2. The multi screen Human Machine Interface (HMI) as claimed in claim 1, wherein the control unit comprises: a HMI control board for controlling HMI functionalities; a device connectivity board for connecting the one or more control processes to the HMI; a single power board for supplying power to the HMI; and a plurality of display interface boards for controlling display on the plurality of display units.

3. The multi screen Human Machine Interface (HMI) as claimed in claim 1, wherein each of the display units comprises a touch glass, an LCD screen with backlight and a backlight power card.

4. The multi screen Human Machine Interface (HMI) as claimed in claim 1, wherein the external cover unit comprises a front cover, a front sheet and a rear cover.

5. The multi screen Human Machine Interface (HMI) as claimed in claim 1, is configured to establish wireless connectivity with the one or more of control devices.

6. The multi screen Human Machine Interface (HMI) as claimed in claim 1, comprises detachable hardware accessories for carrying the HMI to different locations in the industrial automation plant for mobile operation.

7. The multi screen Human Machine Interface (HMI) as claimed in claim 1, comprises configurable LCD freeze area for handling the HMI.

8. The multi screen Human Machine Interface (HMI) as claimed in claim 1, comprises hardware accessories for enabling rotation capabilities in static installation.

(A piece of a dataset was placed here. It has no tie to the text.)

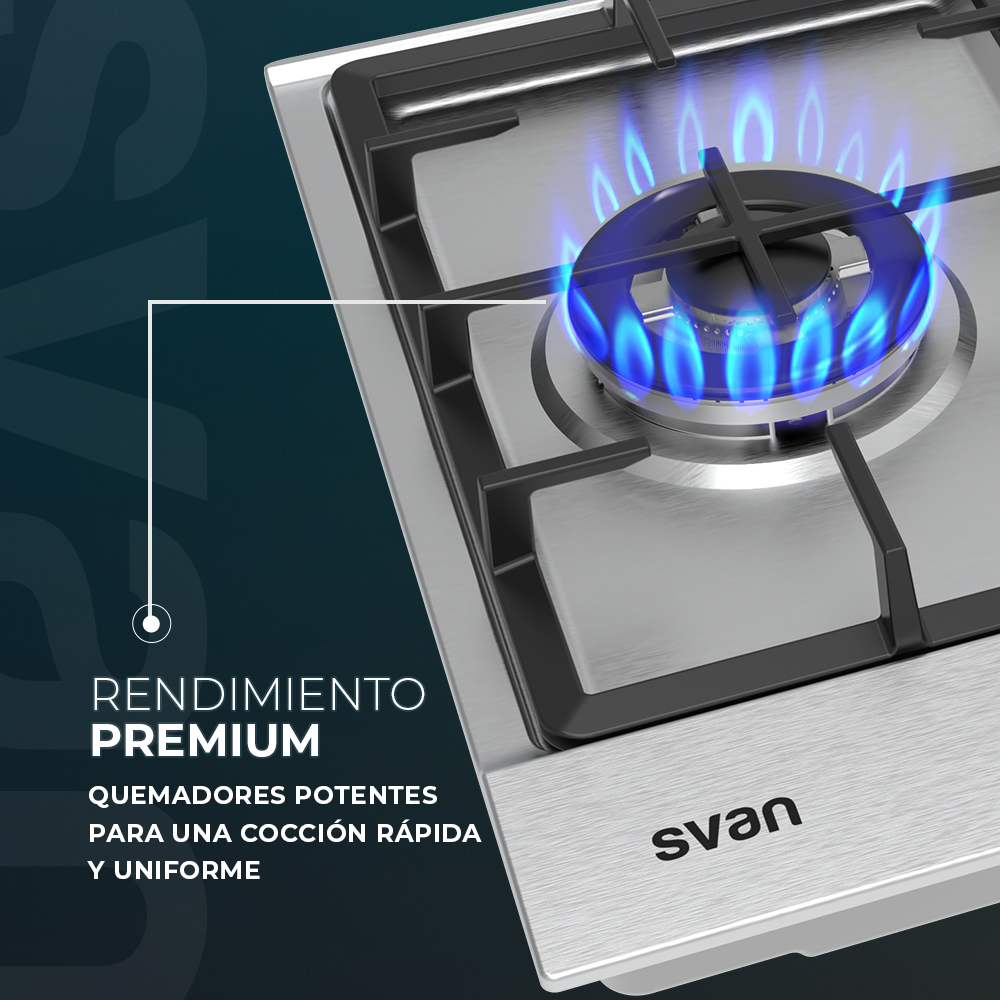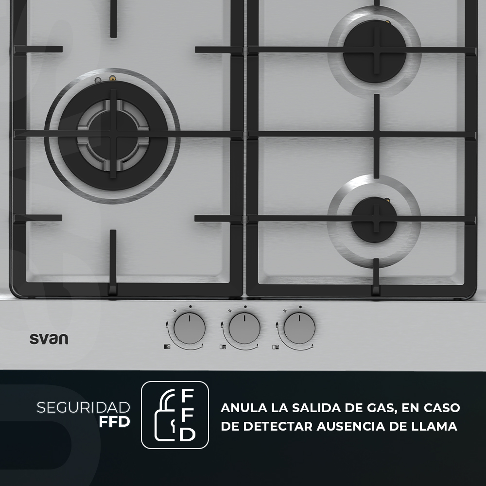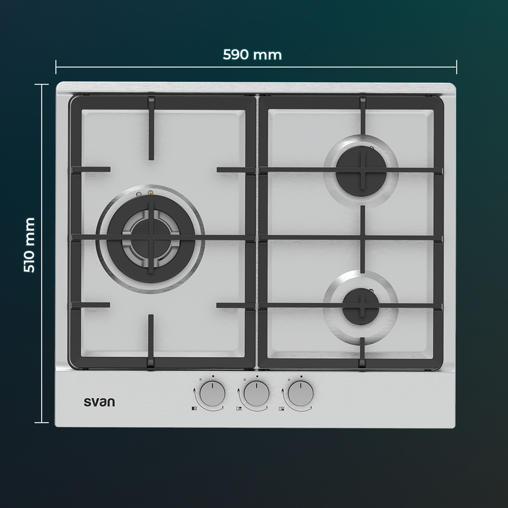 Piano di cottura a gas Svan SGW3600X da 60 cm di larghezza, modello SGW3600X.

9. The multi screen Human Machine Interface (HMI) as claimed in claim 1, is configured to segregate information generated in the one or more control processes on the plurality of display units based on the user specification.

10. The multi screen Human Machine Interface (HMI) as claimed in claim 7, wherein such segregated information comprises at least one of control and monitoring of parameters, reports in one or more forms, graphs and trends, event and operation logs, alarms and alarm Logs, recipes and file managers.

11. The multi screen Human Machine Interface (HMI) as claimed in claim 1, is configured to transfer content of one screen to one or more other screens in case of a fault.

12. The multi screen Human Machine Interface (HMI) as claimed in claim 1, wherein edges of the display screen of one or more display units is configurable to a minimum limit to increase the display area.

13. The multi screen Human Machine Interface (HMI) as claimed in claim 1, is configured for displaying seamless animation using multiple screens.

14. The multi screen Human Machine Interface (HMI) as claimed in claim 1, is configured for enlarging contents from one screen to multiple screens.

15. The multi screen Human Machine Interface (HMI) as claimed in claim 1, is configured to store the information generated in the one or more control processes in memory devices for future use.